GSA Connects 2023 Meeting in Pittsburgh, Pennsylvania

Paper No. 221-8
Presentation Time: 10:15 AM

INTEGRATING FAULT GEOMETRY AND KINEMATICS INTO LANDSCAPE EVOLUTION MODELS IN CENTRAL NEPAL: A TALE OF TWO SECTIONS


MCQUARRIE, Nadine1, GHOSHAL, Suryodoy1 and EIZENHOEFER, Paul2, (1)Department of Geology and Environmental Science, University of Pittsburgh, Pittsburgh, PA 15260, (2)School of Geographical & Earth Sciences, University of Glasgow, Glasgow, Scotland G12 8QQ, United Kingdom

The topographic front of the high Himalaya is markedly linear over an along-strike distance of 400 km despite marked lateral changes in the locations and traces of mapped structures and variations in lithology. To evaluate the lateral continuity of mapped structures, fault geometry and kinematics and the resulting topographic evolution we constructed three cross sections across an along-strike distance of 150 km. We evaluated these cross sections by their ability to replicate mapped surface geology and measured thermochronometric dates.
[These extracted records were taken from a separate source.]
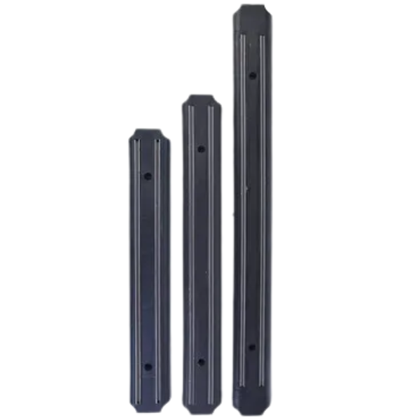Barra magnética revestida en polipropileno, diseñada para fijar cuchillos, utensilios metálicos o herramientas sobre una pared o superficie vertical. Ideal para mantener el área de trabajo organizada, segura y sin ocupar espacio en cajones.
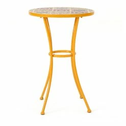 This end table is a great way to add a splash of sunlight to your patio. With yellow accents on the tile and a yellow orange powder coating on the iron frame, this table is its own ray of sunshine. Featuring bright flower based tile designs, this wonderful accent table is sure to brighten your day.
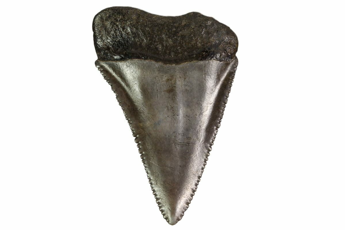 This is a serrated, 2.12" long fossil Great White Shark (Carcharodon carcharias) from Georgia. These fossil great white teeth are MUCH rarer than the Megalodon teeth which they are associated with. This one has nice serrations and only minor root erosion compared to most examples that have heavily eroded roots.
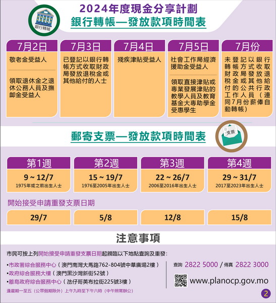 其餘合資格獲發放2024年度現金分享計劃款項的人士則自7月9日起通過平郵方式寄送劃線支票,支票只可存入受益人的帳戶。18歲以下未成年受益人所收到的支票除可存入受益人帳戶外,亦可存入受益人父親或母親的帳戶。
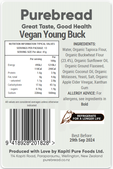 Ingredients: Fresh Yeast, Organic Buckwheat, Organic Tapioca Starch, Organic Linseed, Organic Sunflower Oil, Organic Coconut Oil, Organic Molasses, Organic Cider Vinegar, Certified Sea Salt, Xanthan Gum, Filtered Living Water.
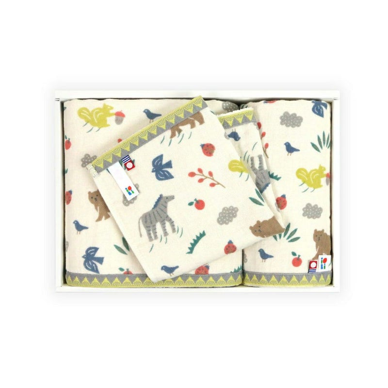 絵本の中から飛び出してきたような愛らしい動物たちが描かれたオーガニックコットンのベビーシリーズ『alku-アルク』のバスタオル、フェイスタオル、ハンドタオルをお入れしたベビーギフトセットです。性別問わずお使いいただけるデザインとなっておりますので出産お祝いのギフトにもピッタリです。
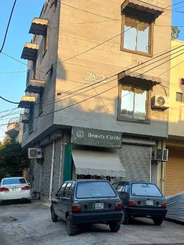 A 50 Sqyd commercial building is for sale in Johar Town, Block G-4, Lahore. It includes a ground-floor hall with attached bath and two 2-bedroom flats on the first and second floors, each with attached baths and kitchens. The building has separate entrances for all units, 3 electricity meters, 2 gas meters, 2 water pumps, 2 water tanks, and huge public parking.
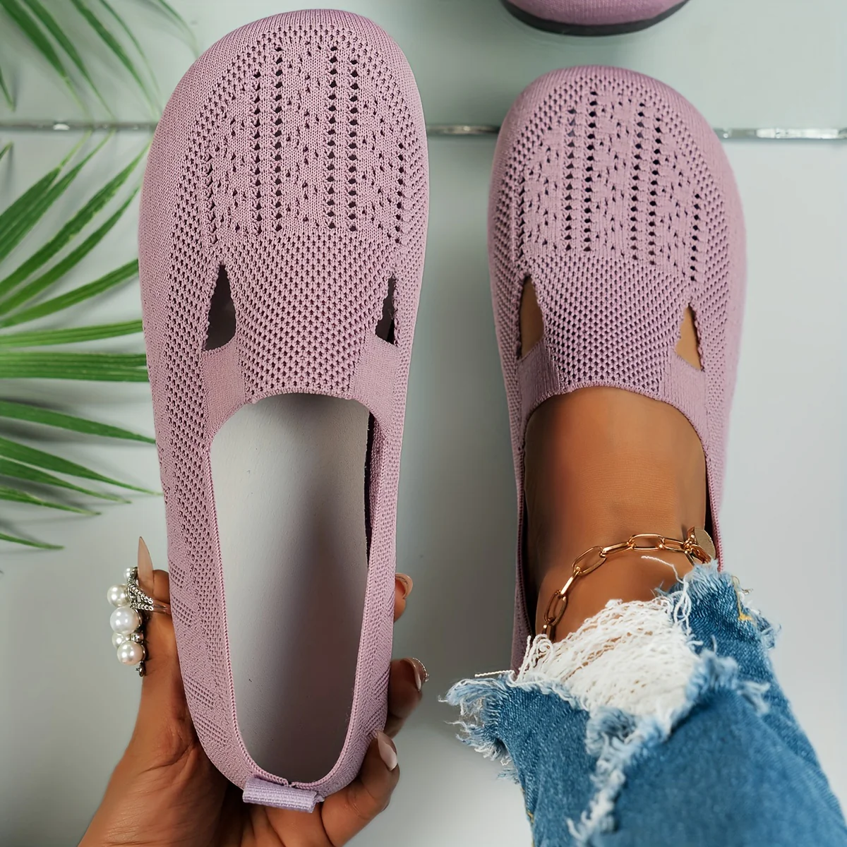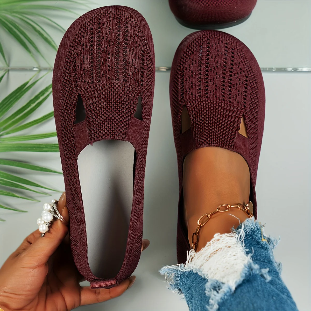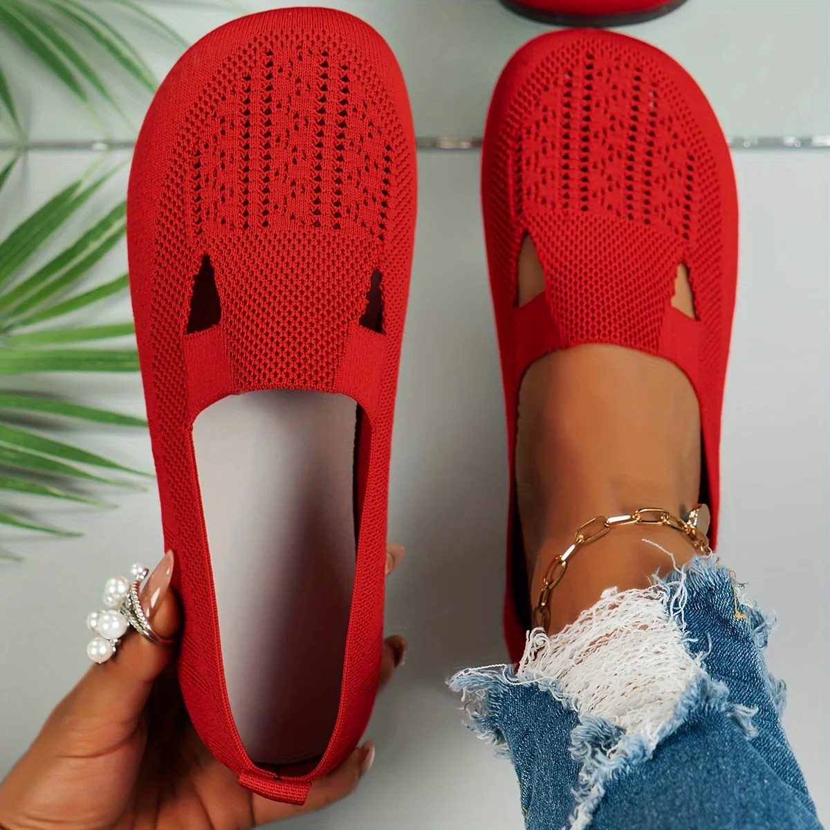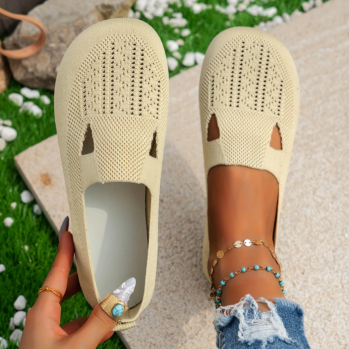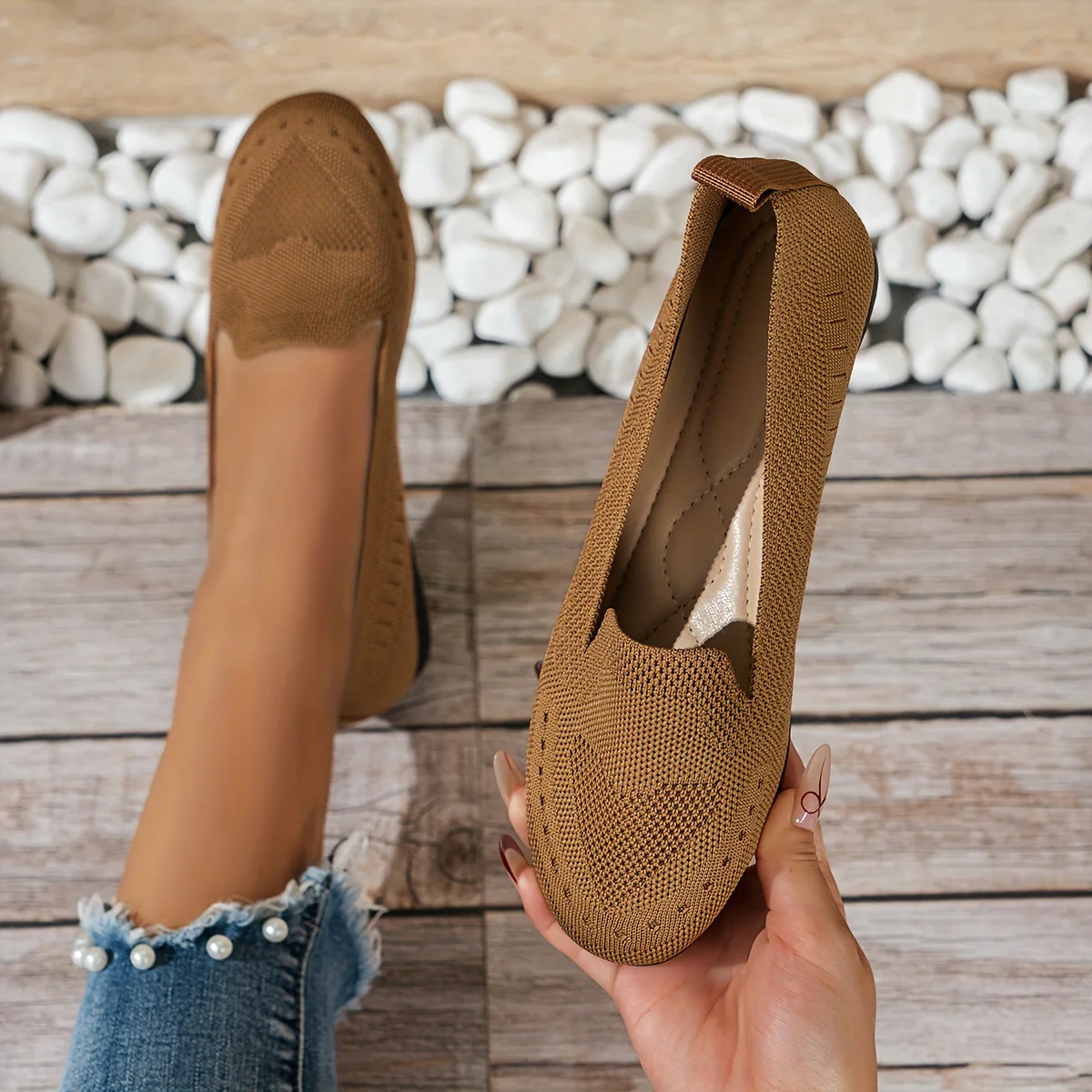Comfy Womens Flat Shoes - Breathable Knitted Slip-On Loafers for Casual Outdoor Walking - Lightweight Fabric Upper, TPU Sole, and Soft Insole for All-Season Comfort

We used the best fit kinematics and geometry of two of these cross sections centered along the Marsyangdi and Budhi Gandaki rivers as inputs into landscape evolution models (using CASCADE) to assess if the proposed geometry and associated kinematics can reproduce the observed topography and geomorphic metrics such as relief, normalized river steepness index (Ksn), and locations and magnitude of short term (ka) erosion rates. Topography is created by uplift over subsurface ramps, horizontal translation of this previous uplifted topography and uplift at both frontal and out-of-sequence (OOS) surface breaking faults. The experiments confirm that displacement along major Himalayan faults control the first-order topography of the orogen observed today. However, long-lived activity on the Main Boundary Thrust (MBT) at the southern edge of the Himalayas inhibited river incision to the north. Marked changes in the width of the orogen to the MBT while it was active, and the number of thrusts that repeat the Siwalk section between the MBT and Main Frontal Thrust (MFT), alters the age and magnitude of river incision between the two sections. These experiments emphasize the importance of OOS and forward propagating faults to facilitate the northward propagation of incision due to temporary inactivity of the Main Boundary Thrust. They also highlight the significance of OOS faulting in promoting the documented increase in high Himalayan topography and relief at PT2. Difference in geometry (location of the MBT) and kinematics (when and where the MBT is reactivated) between these two sections may control the location of where major river systems (such as the Trishuli, Marsyangdi and Seti Gandaki) merge and form the Narayani River, and the ability of the Narayani to breach the zone of MBT uplift.